From the HDF5 mailing list:
A little announcement, like I think potentially people in the HDF5 community could be interested in that.
We developed at Blue Brain Project / Human Brain Project a simple, modern, header-only C++ interface to the libhdf5. Mainly to overcome the current limitations of the actual HDF5 C++ interface ( no parallel HDF5, no thread safety, not modern C++ friendly )
It is Open Source and here is a non-explicit list of features :
- It supports both serial and parallel HDF5 with C++ ( contrary to the official bindings that disable c++ bindings when compiled with parallel mode )
- It does not require any compilation, and is embeddable in any project ( Boost Software License ).
- It supports automatic type mapping with C++ types and STL containers : std::vector, std::string, std::array, etc...
- It supports Boost MultiArray and Boost UBLAS for Multi-dimentional dataset and Matrix load/save to/from HDF5 datasets.
- It is design to be modern C++11 / C++14 friendly
- It aims to be minimalsit and does not have any other dependencies than libhdf5 itself
- It does not support the integrality of the libhdf5 API for now, but If you have any interest or comment about it, let us know.
Adrien Devresse - Blue Brain Project / Human Brain Project
A question on the mailing list:
I'm interested in how you handle thread safety. I've only had a quick look, but looking at e.g. SliceTraits
::read, I can't see any lock being taken before the call to H5Dread (nor around the surrounding C++ code).

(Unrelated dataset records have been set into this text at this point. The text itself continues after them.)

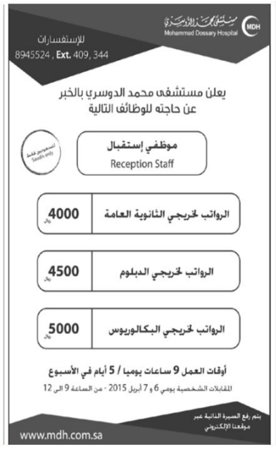 مستشفى محمد الدوسري في الخبر وظائف استقبال رواتب من 4000 حتى 5000 حسب المؤهل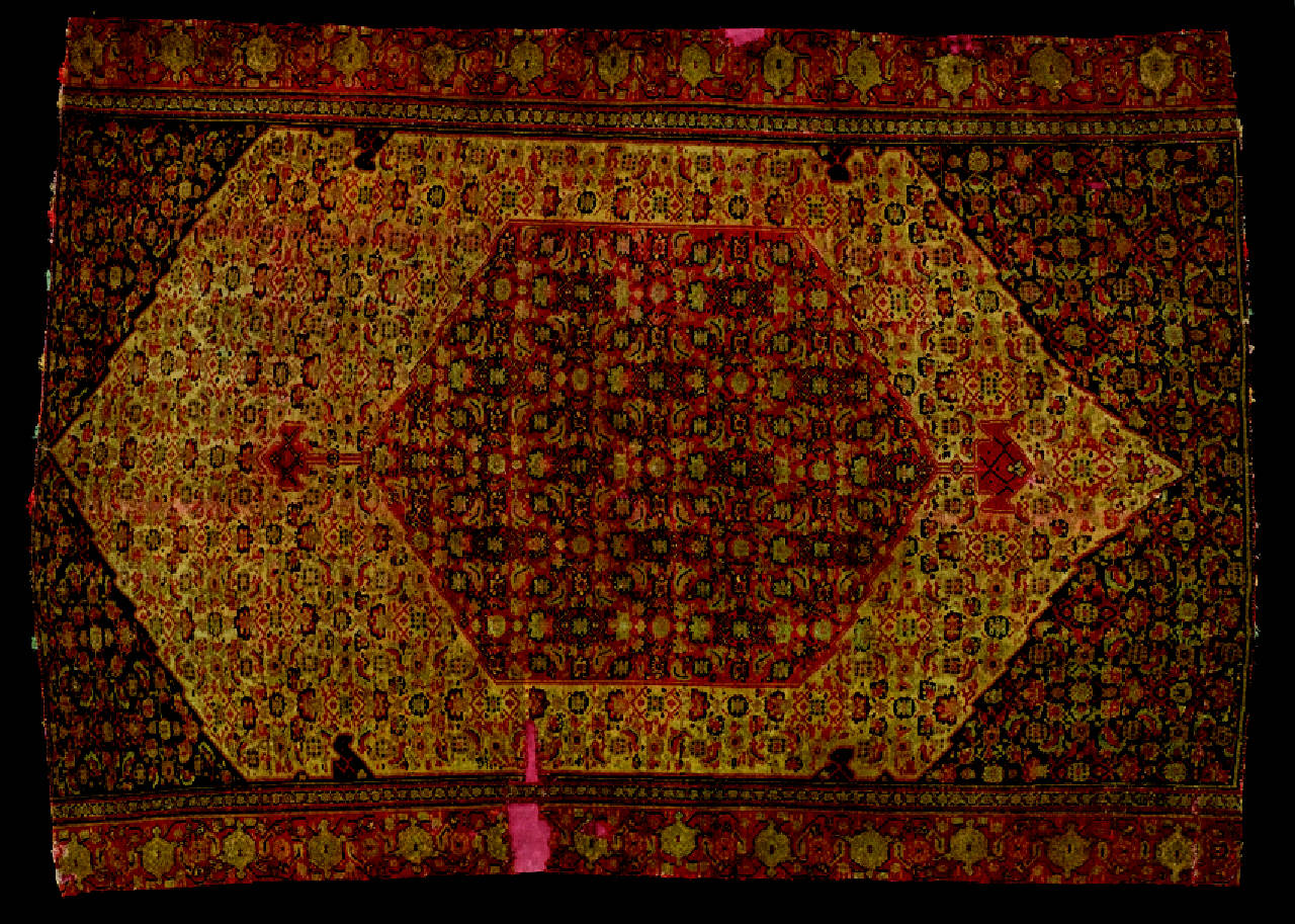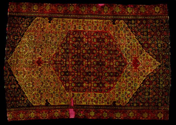 Tappeto a decorazione floreale presumibilmente annodato nella cittadina di Senneh, la moderna Sanandaj. Il campo blu è decorato da due medaglioni esagonali quasi concentrici su fondi avorio e rosso contenenti lo stesso motivo, ripeturo ed alternato di losanghe fiorite e palmette che ricopre l'intero tappeto. Si tratta di una minuta versione del cosiddetto motivo herati. Il tappeto è mutilo della cornice lungo i lati minori e del bordo esterno lungo i lati maggiori. Rimane, dunque, ben poco del motivo di bordura originario: una sottile fascia interna decorata da un minutissimo e semplificato herati verde oliva su fondo blu e da una cornice più ampia formata da rosette e fiori d'ispirazione Shah Abbas che si alternano fra loro e dai quali si diramano rami fioriti. Questo herati di bordura, prettamente lineare è detto "a tartaruga" ed è tipico dei tappeti Bijar (cfr.: P.R.J. FORD 1988, p. 88, fig. 196), un altro importante centro manifatturiero del Kurdistan persiano. \nOrdito: lana; Trama: lana; Pelo: lana; Nodo: simmetrico; Densità: 4800 nodi al dm2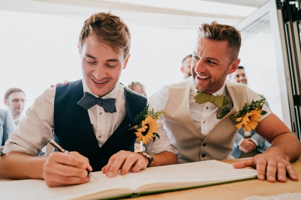 "Another important part of the day for us was being able to acknowledge how fortunate we are today, in this country, to have equal rights to love and marry who we want. This is sadly not the case for everybody, and so our first toast as a married couple was to those people not able to celebrate their love in this way," says Alex.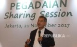Direktur Utama Pegadaian Sunarso memberikan pemaparan tentang Pegadaian saat acara 'sharing session' di Jakarta, Selasa (21/11). (FOTO : Yasin Habibi/ Republika)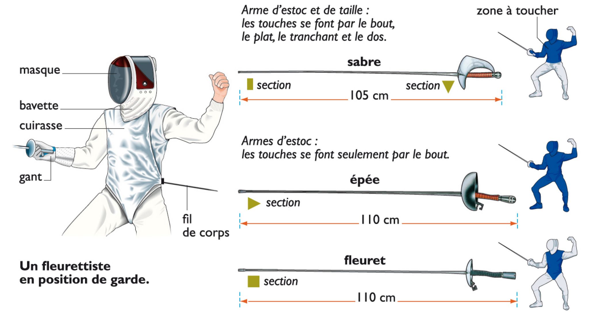 Sport opposant deux adversaires au fleuret, au sabre, à l'épée.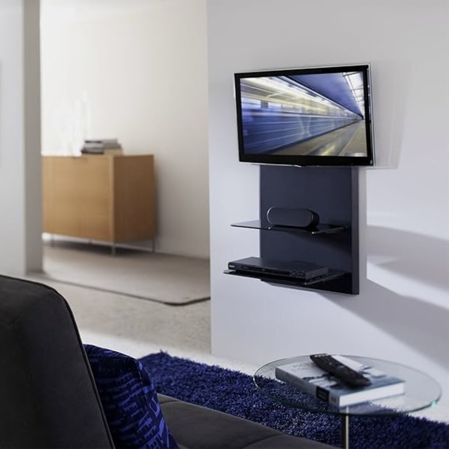 Mounted under a TV or as a stand-alone piece, the Blade2 2-Shelf Wall System from OmniMount is a low profile 2-shelf wall unit that provides hassle-free cable and component management. Its low profile lets you mount it directly underneath a flatpanel TV while maintaining a seamless appearance. The satin black finish is paintable to match any wall color.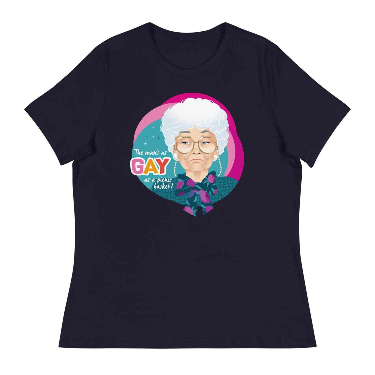 Gay as a Picnic Basket (Women's Relaxed T-Shirt) - Navy / S is backordered and will ship as soon as it is back in stock.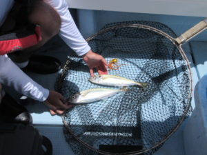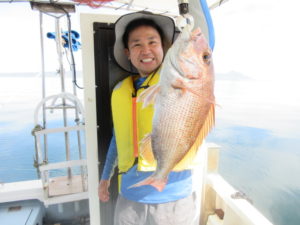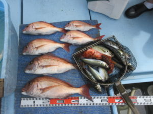 2025年7月19日 / 最終更新日時 : 2025年7月19日 kotobukimaru 釣果情報 小潮 鯛ラバ 今日は4名様と鯛ラバ釣りで6:30出航…最初は下げ潮での釣り開始…中々当たりが無く辛抱の時間帯…潮が緩み出した頃やっと当たり 本命が連続で釣れる 潮が止まると当たりも遠のき上げ潮のポイントに移動し仕掛けを投入しながら深場を狙うとポッポッと当たり出す…13:00まで船を流し真鯛やアジを釣り納竿としました…釣果は真鯛50㎝超え2枚含む6枚と真アジ30㎝超え~27㎝程を数枚とガラカブ等々でした。 暑い中皆様お疲れ様でした!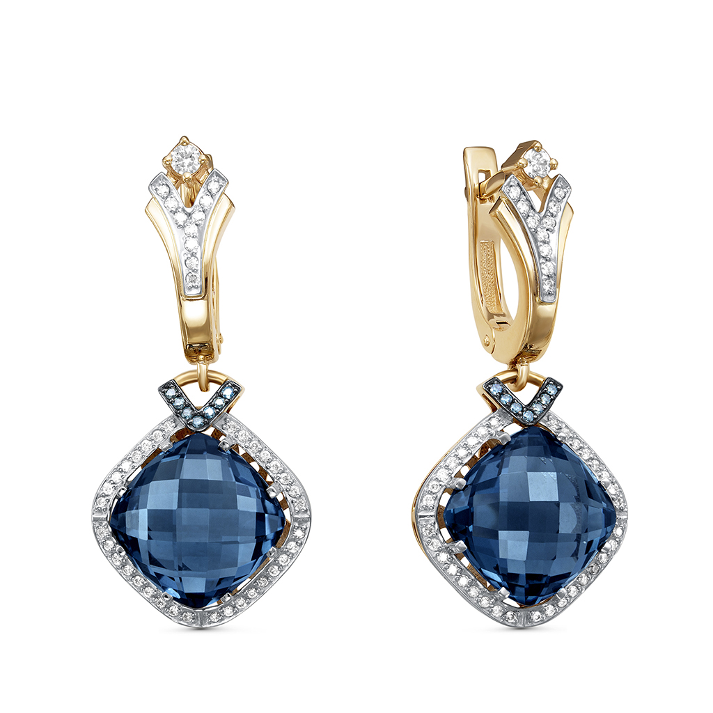 Серьги с английским замком из комбинированного золота с бриллиантами, топазами
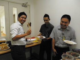 Kelihatan Shuhaimy dengan sataynya, di sebelahnya Ruzaimi dan di belakang kelihatan Rizal bersedia untuk menyerang makanan di atas meja. Ketiga-tiga mereka adalah 'orang kuat' kami di HAT TM.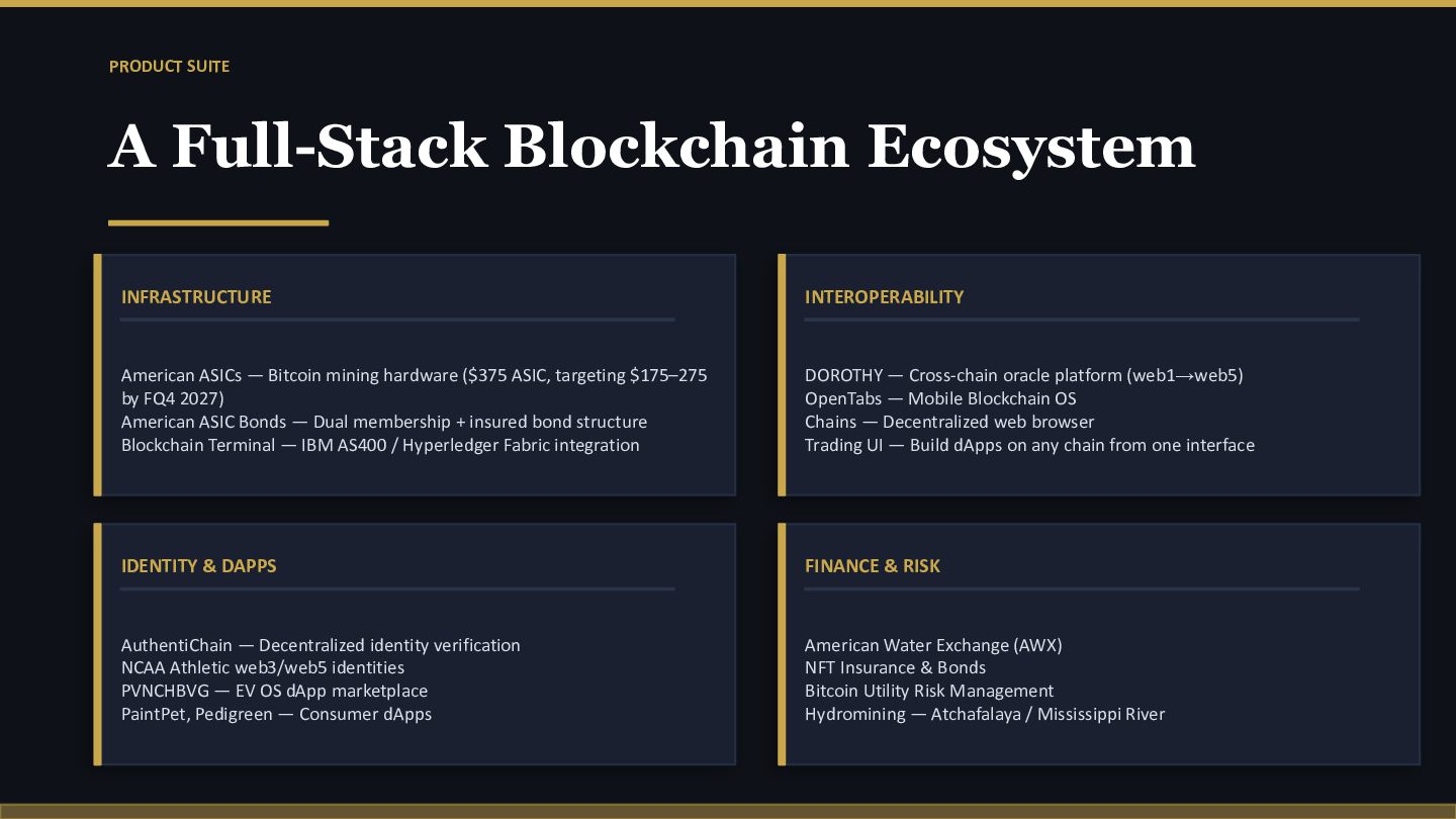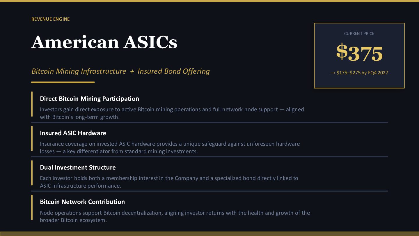 Offering CURRENT PRICE $375 → $175–$275 by FQ4 2027 Direct Bitcoin Mining Participation Investors gain direct exposure to active Bitcoin mining operations and full network node support — aligned with Bitcoin's long-term growth. Insured ASIC Hardware Insurance coverage on invested ASIC hardware provides a unique safeguard against unforeseen hardware losses — a key differentiator from standard mining investments. Dual Investment Structure Each investor holds both a membership interest in the Company and a specialized bond directly linked to ASIC infrastructure performance. Bitcoin Network Contribution Node operations support Bitcoin decentralization, aligning investor returns with the health and growth of the broader Bitcoin ecosystem.

Do you assume the HDF5 library is compiled in thread safe mode? And is are the wrappers themselves thread safe? -- Elvis Stansvik
An answer to the question:
For now, you get the thread safety provided by the HDF5 library yes. If libhdf5 has been compiled with thread safety, then HighFive is thread safe. If not, you need to do the locking yourself unfortunately. All the wrappers around libhdf5 provided by HighFive are thread-safe.